El caso es que, a juzgar por sus números en las encuestas, esa en Las Vegas era tal vez la última oportunidad que tenía el magnate para emparejar las cosas, revertir las tendencias y llegar al día de la elección con buenas posibilidades.

En líneas generales, no tuvo una buena noche; y no apareció todo lo presidencial que necesitaba para captar esos votos independientes que definen la contienda. Y así, si antes del debate los sondeos ya lo daban abajo entre cuatro y ocho puntos, es de esperar que esa diferencia ahora hasta aumente un poco.

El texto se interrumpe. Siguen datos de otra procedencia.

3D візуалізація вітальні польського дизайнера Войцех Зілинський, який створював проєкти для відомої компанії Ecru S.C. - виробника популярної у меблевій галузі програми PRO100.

Trump lo tiene hoy muy cuesta arriba. No ha salido bien de las acusaciones en su contra por abuso sexual, ni de la divulgación del audio de una conversación privada que sostuvo con el periodista de espectáculos Billy Bush y en la que se expresaba en términos procaces hacia las mujeres.

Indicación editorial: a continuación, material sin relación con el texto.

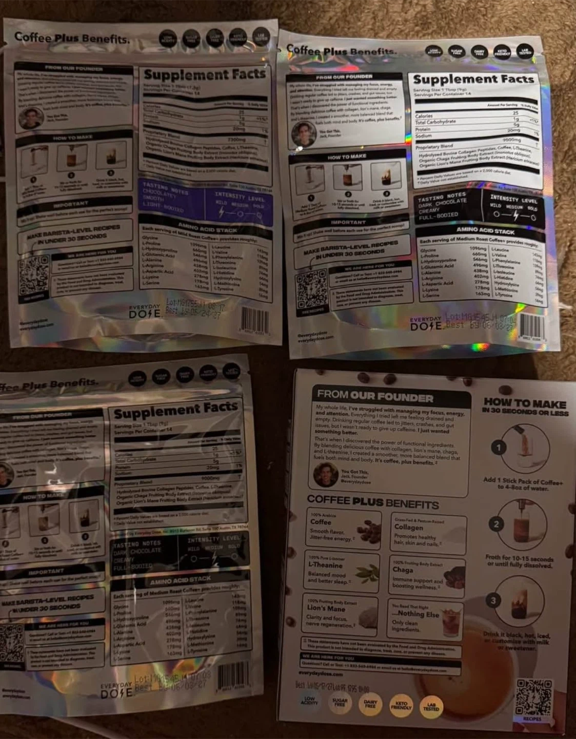 Get your daily dose of clarity and focus with this Everyday Dose Coffee+ variety pack! It includes a mix of mild and medium roast coffee blends, all infused with collagen, L-Theanine, and Chaga for gut health and no jitters. Each pack contains 100% Arabica coffee and is keto-friendly, sugar-free, and dairy-free.
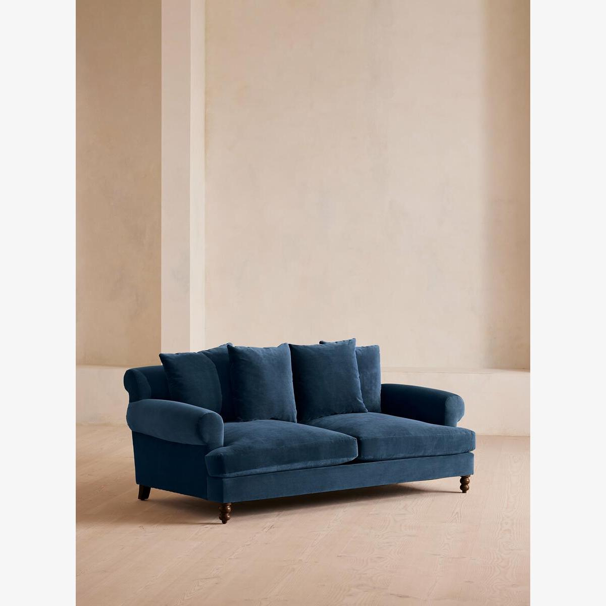 The Audrey sofa is our take on a classic English scroll arm, where traditional tapered arms are combined with a relaxed pitch and deep sit. Handmade in the UK by skilled craftsmen, velvet upholstery is complemented with oversized feather-wrapped cushions, echoing the homely interiors of Babington House in Somerset. Add to your living room or seating area to bring a taste of our countryside retreat into your own home. Two-seater sofa Upholstered in cotton velvet Available in other colours and fabrics Engineered hardwood frame Handcrafted in the UK Tapered scroll arms Relaxed pitch with deep sit Oversized scatter cushions Feather-wrapped foam cushions, fully reversible Solid wood bobbin legs Inspired by Babington House

No cabe duda que el hombre tiene serios problemas de incontinencia verbal, piel demasiado fina para la política y una gestualidad que genera rechazo entre votantes moderados.

También es cierto, sin embargo, que los medios han contribuido a ese descalabro del republicano con sus coberturas –algunas un tanto bizarras– y desde sus espacios editoriales, a veces torturando con algunas de sus frases para magnificar el impacto sobre la indignación de los votantes, otras veces de plano exagerando los hechos de un modo poco profesional.

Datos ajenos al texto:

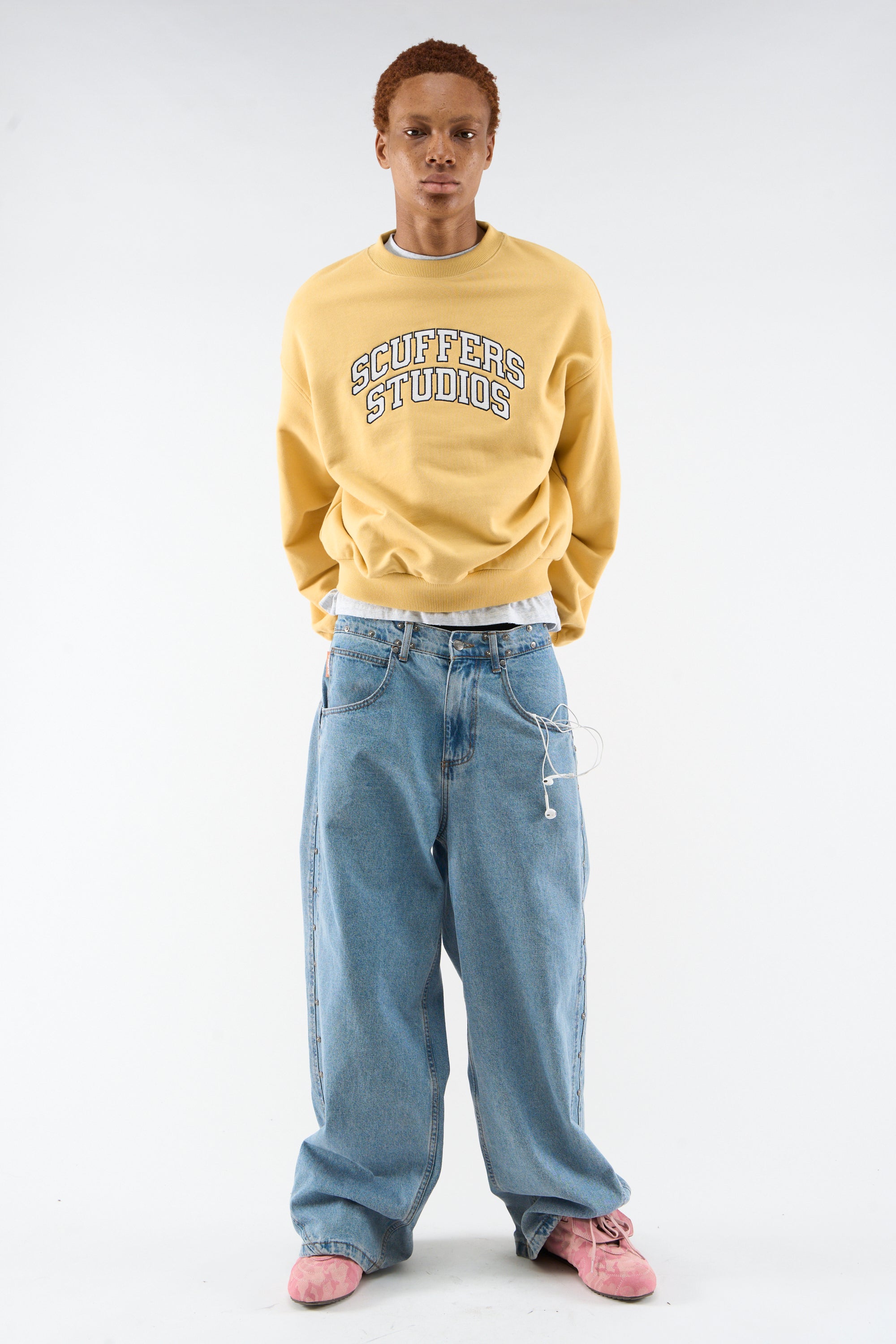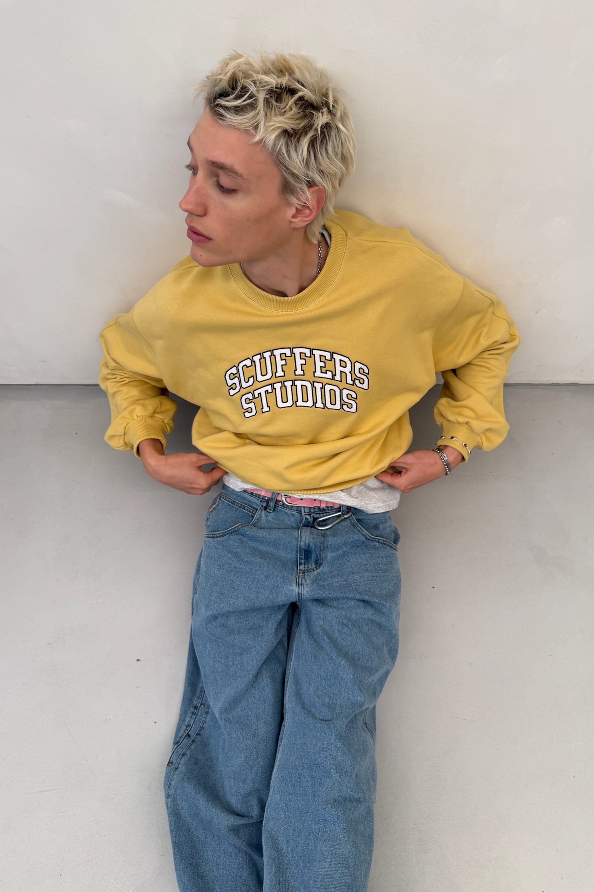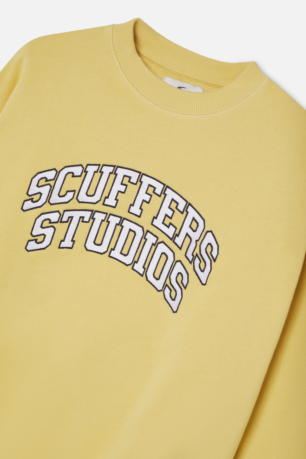Yellow Crewneck Sweatshirt with a bold "Scuffers Studios" print in a collegiate font on the front. The ribbed cuffs and hem ensure a comfortable fit, while the soft cotton fabric provides a relaxed feel. On the back, a subtle "Everyday Urban Aesthetics" logo adds an extra touch of branding. Casual, versatile, and perfect for everyday wear.

Pero ahora, como ha pasado en otras ocasiones –y no han sido pocas–, no habrá nada que magnificar ni exagerar. Trump dijo claramente en ese último debate que todavía no sabía si iba a aceptar el resultado de la elección. Y al día siguiente volvió sobre el tema y afirmó que lo reconocerá solo si él gana, aunque luego matizó diciendo que aceptará un "resultado claro".

Esto se sumó a algunas acusaciones de fraude, un tanto más ambiguas, que había lanzado en los días previos. Eso en Estados Unidos es anatema. Una cosa es culpar a los medios y a los intereses particulares; pero poner en tela de juicio el sistema electoral es algo que no se le ocurriría a ningún candidato serio.

Las declaraciones del magnate en ese sentido inmediatamente empezaron a darle la vuelta a todos los medios, con ejércitos de panelistas, columnistas y otros bustos parlantes haciéndose un festín.

Todas estas salidas de tono de Trump son música para los oídos de Hillary Clinton, cuyos escándalos, como el de los e-mails, el de la Fundación Clinton y sus vínculos demasiado ostensibles con Wall Street, se ven un día sí y otro también eclipsados por los exabruptos del magnate y el revuelo que estos generan.

Sin perjuicio de ello, no lo daría por muerto. Trump tiene aún bajo la manga la carta del cambio. Y en un momento de crisis de las élites políticas en el mundo entero, se trata de una carta muy valiosa.

Podría haber un voto oculto que no estén registrando las encuestas, como sucedió en el Reino Unido con el referéndum sobre el brexit, o en Colombia con el plebiscito por los acuerdos de paz con la guerrilla de las FARC.

En ambos casos los votantes contradijeron a las encuestas; y en ambos casos se trató de un voto contra las élites. Podría Trump dar también la sorpresa.

Si ese es el caso, ningún temor parecería infundado. Un hombre con un temperamento tan impulsivo y volátil al frente de la primera potencia y con el maletín nuclear a mano, ciertamente no inspira sueños apacibles.

Hillary, en cambio, es predecible. Si bien sabemos que esa predictibilidad –y por su
cercanía con los halcones– implica más guerra en Medio Oriente, más de seguir alimentando el conflicto sirio, más de todo ese caos que parece no tener fin, más estrechos vínculos con Arabia Saudita y más demonización de Vladímir Putin y la guerra tibia con Moscú, no va a cometer ninguna locura. Si es que lo de Siria se puede calificar de otra manera.

Pero el caso es que no es de esperar de ella un conflicto a gran escala, una guerra mundial. Con Trump, no lo sabemos. A juzgar por lo que dice, todo parece indicar que haría las paces con
Putin.

Esto no es necesariamente malo, habida cuenta de lo que ese enfrentamiento de baja intensidad con Moscú le ha deparado al mundo.

Pero es Donald Trump; todo en él es impredecible.